With tenderness and humor, Jacqueline Gainon distorts the idea of family happiness all the more obsolete as it has gone to hell, thus affirming something of the order of unbelief in the family. Behind the initial naivety of these great icons, which are so many variations on the theme of the Virgin and Child, but which could also be likened to the popular practice of ex-votos by their deliberately clumsy side, lies an inexorable sense of loss. No, painting is not reassuring, it is harsh and impure. And isn’t the role of the artist to confuse and disturb? So be it.

As for the red series, it is infinitely more gestural and expressionist. It obeys a very fluid pictorial treatment that leaves room for colored drips and juices. If the material is more transparent than in the blue series, this series of paintings is also darker literally and figuratively.

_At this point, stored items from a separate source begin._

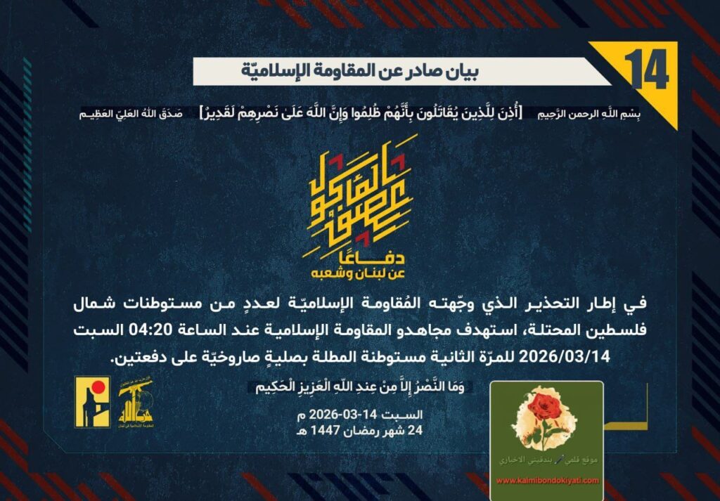 أصدرت المقاومة الاسلامية بعد البيان رقم (13) مباشرة بيان رقم (14) :”دفاعًا عن لبنان وشعبه، وفي إطار التحذير الذي وجّهته المُقاومة الإسلاميّة لعددٍ من مستوطنات شمال فلسطين المحتلة، استهدف مجاهدو المُقاومة الإسلاميّة عند الساعة 04:20 السبت 14/03/2026، للمرّةالثانية، مستوطنة المطلة بصليةٍ صاروخيّة على دفعتين.
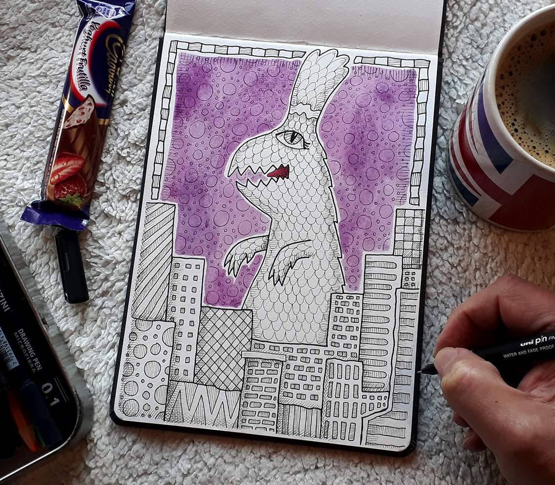 Godzilla en mi libreta Hahanemühle
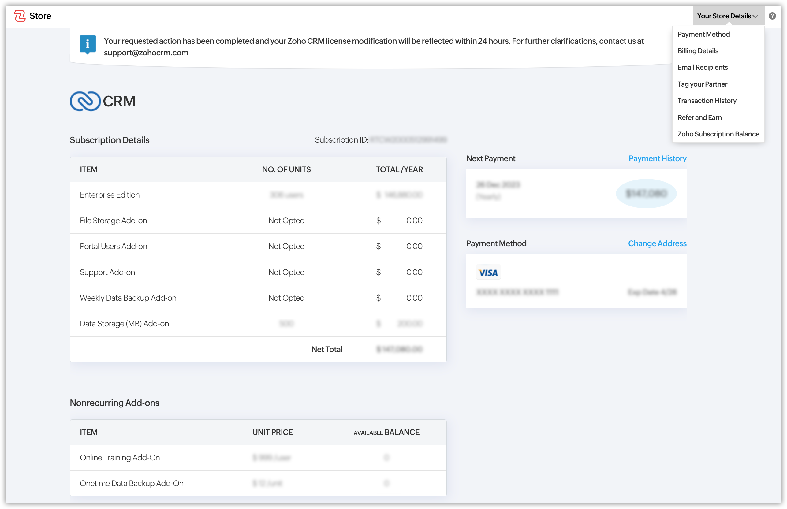 Achizițiile de stocare făcute prin Zoho Mail sunt separate de achizițiile de stocare făcute prin Zoho CRM. Va trebui să achiziționezi mai mult spațiu dacă Zoho Mail rămâne fără spațiu. În mod similar, dacă stocarea Zoho CRM este insuficientă, utilizatorul trebuie să achiziționeze și aceasta.
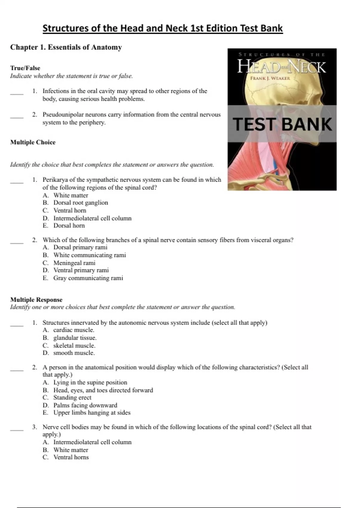 , Structures of the Head and Neck 1st Edition Test Bank

It depicts a disturbing huis-clos in which a little girl dressed in a red dress becomes the prey of a group of young boys armed with bats and guns. We find the girl who appeared in the images of the blue series with her fifties dress and who is assumed to be the artist’s sister. But whereas in the previous series the child was as wise as an image, here she is represented in movement, in perilous postures induced by the violence inflicted on her by her torturers. Blindfolded, she is bound and beaten. Her small body can barely stand upright because she is so badly mauled. She ends up falling to the ground.

It is difficult not to be touched by what appears to be a distant trauma, especially since the girl seems to be pushed out of the picture. If only we could be given the opportunity to help her.

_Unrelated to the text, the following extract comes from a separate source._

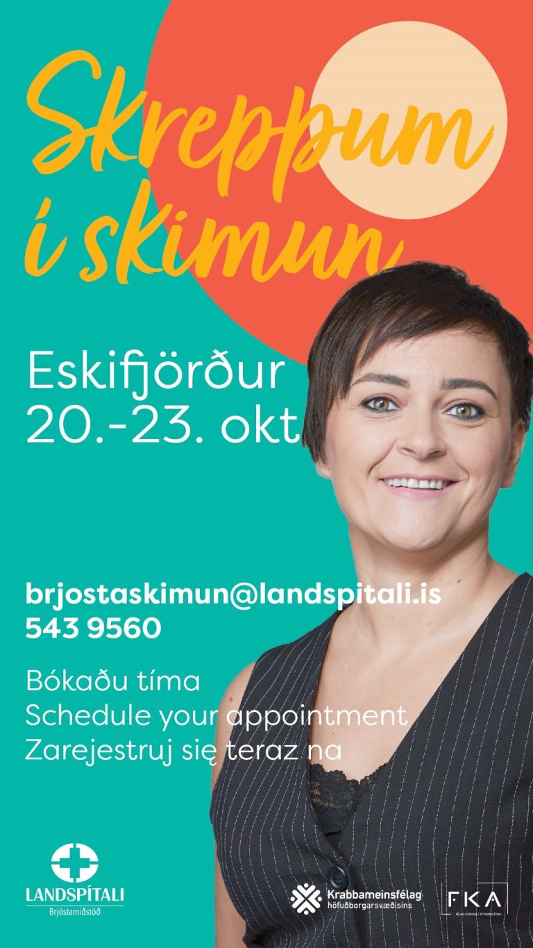 Brjóstamiðstöð Landspítalans er með brjóstaskimun í samstarfi við Heilsugæsluna á Eskifirði, dagana 20. - 23. október.
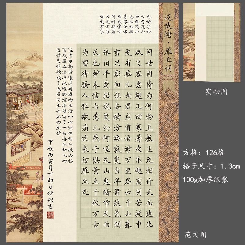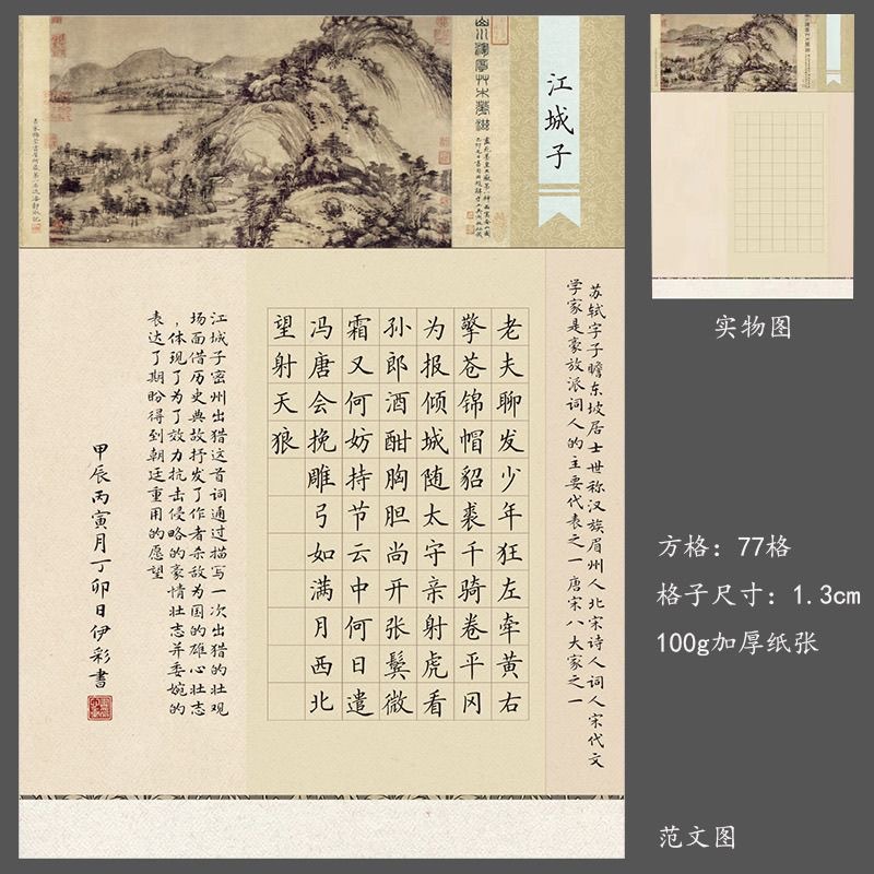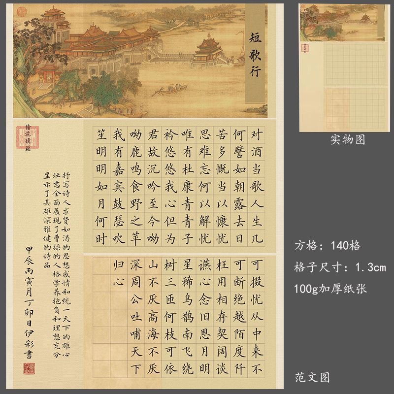 古风A4五言田字格硬笔书法纸20格1.5cm学生钢笔练字专用纸作品

But who exactly are her aggressors who barely come out of the shadows and whose silhouette seems to belong to the dark background of the paintings? Why are they attacking the girl? They look like members of an anonymous child militia. Their features are erased as if violence has no face. The eye, it is true, is entirely turned towards the red dress that twirls in the space of the painting and ends up distracting our attention. We then forget that the boys are still in short pants and that their gestures, if we subject them to close scrutiny, are a bit clumsy and borrowed. What if it was just a game? Jacqueline Gainon sows doubt. So secret militia or a bunch of scouts?

We end up wondering if the object of desire of these young people is not also ours. It must be said that the artist has organized her compositions by dramatizing at will these playlets with their folded perspective and the plunging light which come to stretch out to us on a plate the almost erotic body of this child with the pink flesh all dressed in red. Here we are in the skin of the wolf. Between abuse and forbidden games, these nightmarish and suffocating scenes thwart the imagery of Épinal of the blue series and all that she could state of reassuring and ideal on the notion of family but also and especially on the idea of painting. They involve us in the erotic game of representation of which we become the voyeurs.

Opposite this very intense pictorial series are extraordinary small drawings in Indian ink and gouache felt pen where the fight seems to be rebalanced in places. It happens then that the girl manages to keep her aggressors in respect. The victim thus becomes the executioner for the greatest delight of us viewers. To finish, the little red riding hood in her light muslin dress, which one would like to see in muslin, hoists herself up on an enormous skull where she manages to keep herself in balance, thus making a fist at death. So be it.